(Records from a data collection)
------------------------------------------------------------------------

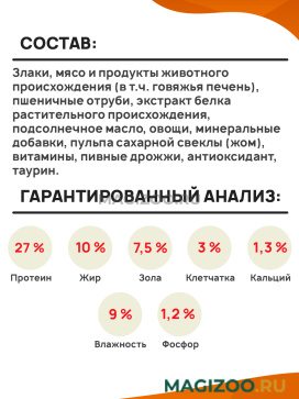 Состав этого корма удовлетворяет все потребности домашних питомцев, т.к. содержит натуральные ингредиенты, а так же оптимальное количество витаминов и минералов, что, в свою очередь, необходимо животному для поддержания прекрасной физической формы, формирования костной системы, шерстного покрова и иммунитета.
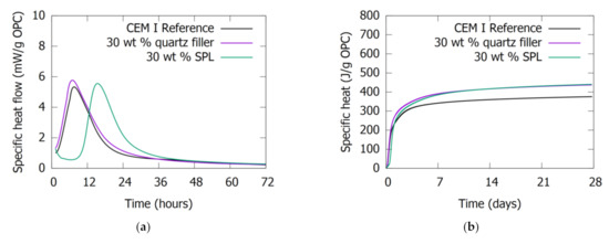 The interaction of the SPL aluminosilicates with the hydration of the cement was investigated by studying the reaction kinetics using isothermal calorimetry on cement pastes. The heat flow and heat are both shown in Figure 5, normalized to the amount of CEM I in the mixture. A mixture with 30 wt% of SPL aluminosilicates (70 wt% CEM I, water/binder = 0.4) was compared to two references: one pure CEM I (water/binder = 0.4) and one with 30 wt% quartz filler (70 wt% CEM I, water/binder = 0.4). The sample with quartz filler showed a slight acceleration of the hydration because of the filler effect. This effect also caused a higher cement reaction degree at late age, which can be seen by comparing the total heat at 7–28 days between the CEM I reference and the sample with 30 wt% of quartz filler. The SPL aluminosilicates caused a significant delay in the cement hydration reactions. This is observed most clearly in the heat flow curves, where a shift of the peak is observed. The height and shape of the peak was still quite similar to the references. The shift appeared mainly as a delay of the hydration reaction, when the reactions eventually start, they occur similarly as in the references. Eventually at late age (7–28 days) the cumulative heat was similar to the quartz filler. Whether there was a significant contribution from the reaction of SPL itself is not clear at 28 days, and would require independent measurement of the clinker degree of reaction in the composite cement.
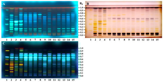 HPTLC NH2 F254S plate developed with ethyl acetate–formic acid–water (35:4:4, v/v/v), documented after derivatization with anisaldehyde/H2SO4 reagent (at 366 nm (A) and white light (B)) and after derivatization with NP/PEG reagents (at 366 nm (C)). Applications per band: track 1: Standard MIX; track 2: C. sativa androecia (0.1 mg); track 3: S. alba androecia (0.1 mg); track 4: Q. pubescens androecia (0.1 mg); tracks 5–7: C-bee pollen (C1–C3, 0.1 mg); tracks 8–14: S-bee pollen (S1–S7, 0.1 mg); track 15: Q-bee pollen (Q1, 0.1 mg).
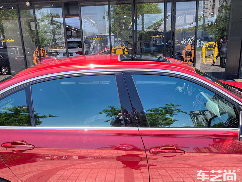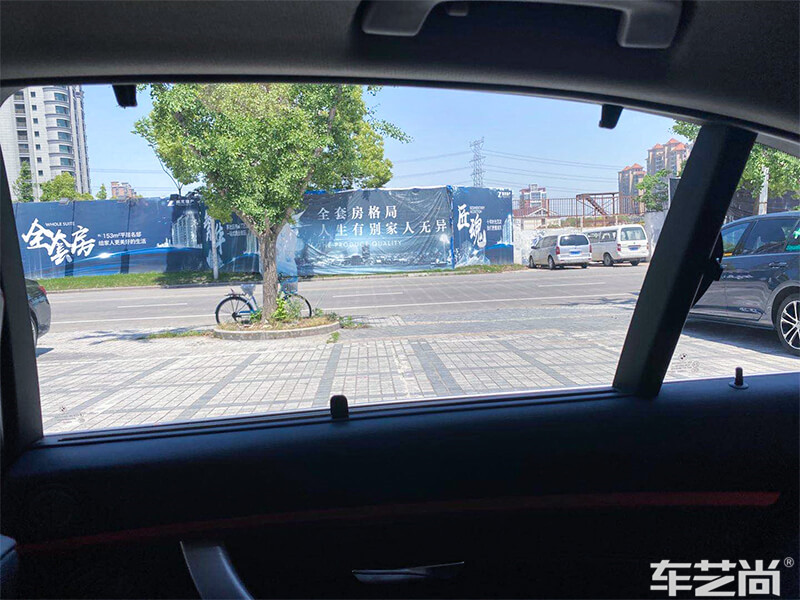 车艺尚技师微距施工技术,将膜贴到了玻璃边缘,几乎看不出贴膜痕迹,不影响整车美观度。
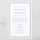 Elegant, minimalistiskt dammigt blått och vitt bröllop-ceremoniprogram har en enkel modern utformning med en dubbla som ramar in gräns i dammblått på en skarp vit bakgrund. Traditionell, klassisk formulering ger en tidlös sofistikering. Anpassa ceremonin i bröllop för dina gäster i trendigets dammiga kalligrafibrev och skript. Kortets baksida matchar med dammig blå på skarp vit och handlar om din bröllopsfest. Om du vill ha optimala resultat ersätter du mallinformationen med din egen information som lämnar mellanrummet mellan stycken som i exemplet. Kapitalisera och använda allt nedre fodral där så anges. Kontakta mig gärna på invitationsuites@gmail.com eller med meddelandefunktionen om du har frågor om detta eller någon av våra produkter eller har en begäran från anpassningsbar färg.
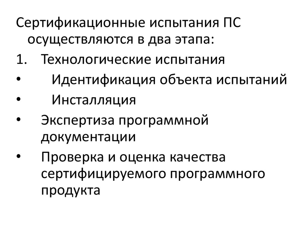 Сертификационные испытания ПСосуществляются в два этапа:
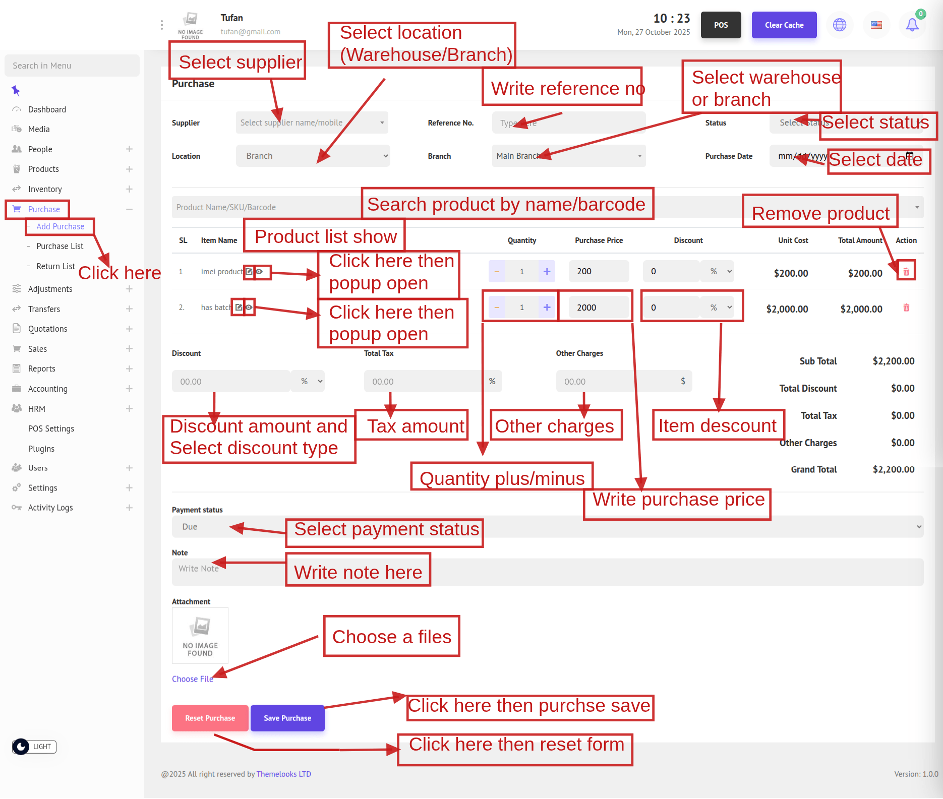1. To add a new purchase, navigate to Purchase -> Add Purchase from the menu bar. This will redirect you to the Add Purchase page where you can create a new purchase record.
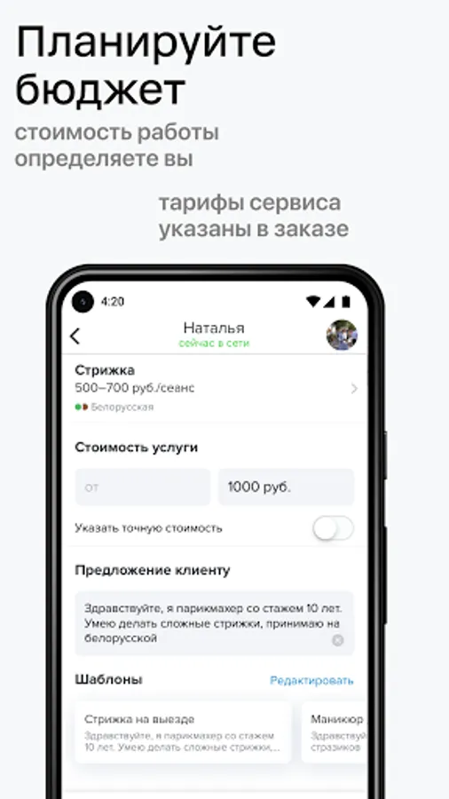Clients pay attention to the questionnaire. Fill in all the fields. If you are looking for a job near your home, indicate the areas you need. Choose a specialty, describe the conditions. For example: "Husband for an hour, work on weekends." Add photos of works, services and prices.
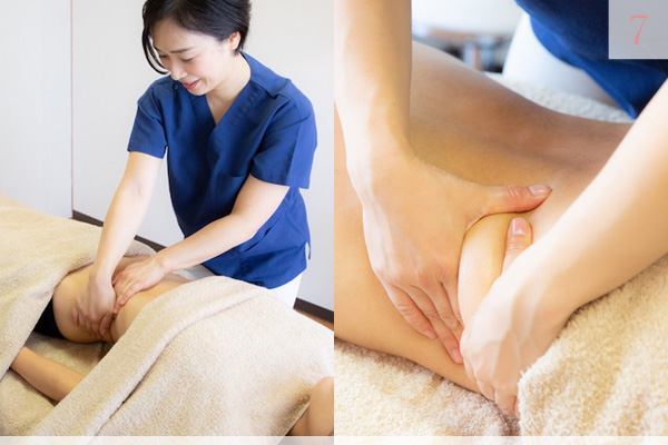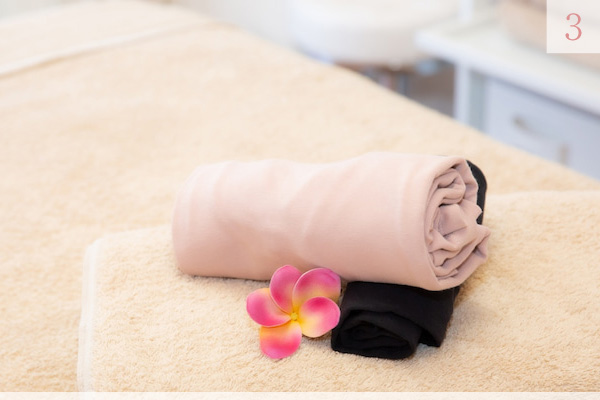 オイルマッサージでむくみを流し、脂肪を揉み出します。紙ショーツのみお履きいただきます。ベッドにはヒートマットを敷いております。室温は冬でも25~26度を保ち、寒くないよう調節しています。

------------------------------------------------------------------------

Keeping the pictures out, print the entries above exactly as written.

§ **ANSWER SECTION**:
 Состав этого корма удовлетворяет все потребности домашних питомцев, т.к. содержит натуральные ингредиенты, а так же оптимальное количество витаминов и минералов, что, в свою очередь, необходимо животному для поддержания прекрасной физической формы, формирования костной системы, шерстного покрова и иммунитета.
 The interaction of the SPL aluminosilicates with the hydration of the cement was investigated by studying the reaction kinetics using isothermal calorimetry on cement pastes. The heat flow and heat are both shown in Figure 5, normalized to the amount of CEM I in the mixture. A mixture with 30 wt% of SPL aluminosilicates (70 wt% CEM I, water/binder = 0.4) was compared to two references: one pure CEM I (water/binder = 0.4) and one with 30 wt% quartz filler (70 wt% CEM I, water/binder = 0.4). The sample with quartz filler showed a slight acceleration of the hydration because of the filler effect. This effect also caused a higher cement reaction degree at late age, which can be seen by comparing the total heat at 7–28 days between the CEM I reference and the sample with 30 wt% of quartz filler. The SPL aluminosilicates caused a significant delay in the cement hydration reactions. This is observed most clearly in the heat flow curves, where a shift of the peak is observed. The height and shape of the peak was still quite similar to the references. The shift appeared mainly as a delay of the hydration reaction, when the reactions eventually start, they occur similarly as in the references. Eventually at late age (7–28 days) the cumulative heat was similar to the quartz filler. Whether there was a significant contribution from the reaction of SPL itself is not clear at 28 days, and would require independent measurement of the clinker degree of reaction in the composite cement.
 HPTLC NH2 F254S plate developed with ethyl acetate–formic acid–water (35:4:4, v/v/v), documented after derivatization with anisaldehyde/H2SO4 reagent (at 366 nm (A) and white light (B)) and after derivatization with NP/PEG reagents (at 366 nm (C)). Applications per band: track 1: Standard MIX; track 2: C. sativa androecia (0.1 mg); track 3: S. alba androecia (0.1 mg); track 4: Q. pubescens androecia (0.1 mg); tracks 5–7: C-bee pollen (C1–C3, 0.1 mg); tracks 8–14: S-bee pollen (S1–S7, 0.1 mg); track 15: Q-bee pollen (Q1, 0.1 mg).
 车艺尚技师微距施工技术,将膜贴到了玻璃边缘,几乎看不出贴膜痕迹,不影响整车美观度。
 Elegant, minimalistiskt dammigt blått och vitt bröllop-ceremoniprogram har en enkel modern utformning med en dubbla som ramar in gräns i dammblått på en skarp vit bakgrund. Traditionell, klassisk formulering ger en tidlös sofistikering. Anpassa ceremonin i bröllop för dina gäster i trendigets dammiga kalligrafibrev och skript. Kortets baksida matchar med dammig blå på skarp vit och handlar om din bröllopsfest. Om du vill ha optimala resultat ersätter du mallinformationen med din egen information som lämnar mellanrummet mellan stycken som i exemplet. Kapitalisera och använda allt nedre fodral där så anges. Kontakta mig gärna på invitationsuites@gmail.com eller med meddelandefunktionen om du har frågor om detta eller någon av våra produkter eller har en begäran från anpassningsbar färg.
 Сертификационные испытания ПСосуществляются в два этапа:
1. To add a new purchase, navigate to Purchase -> Add Purchase from the menu bar. This will redirect you to the Add Purchase page where you can create a new purchase record.
Clients pay attention to the questionnaire. Fill in all the fields. If you are looking for a job near your home, indicate the areas you need. Choose a specialty, describe the conditions. For example: "Husband for an hour, work on weekends." Add photos of works, services and prices.
 オイルマッサージでむくみを流し、脂肪を揉み出します。紙ショーツのみお履きいただきます。ベッドにはヒートマットを敷いております。室温は冬でも25~26度を保ち、寒くないよう調節しています。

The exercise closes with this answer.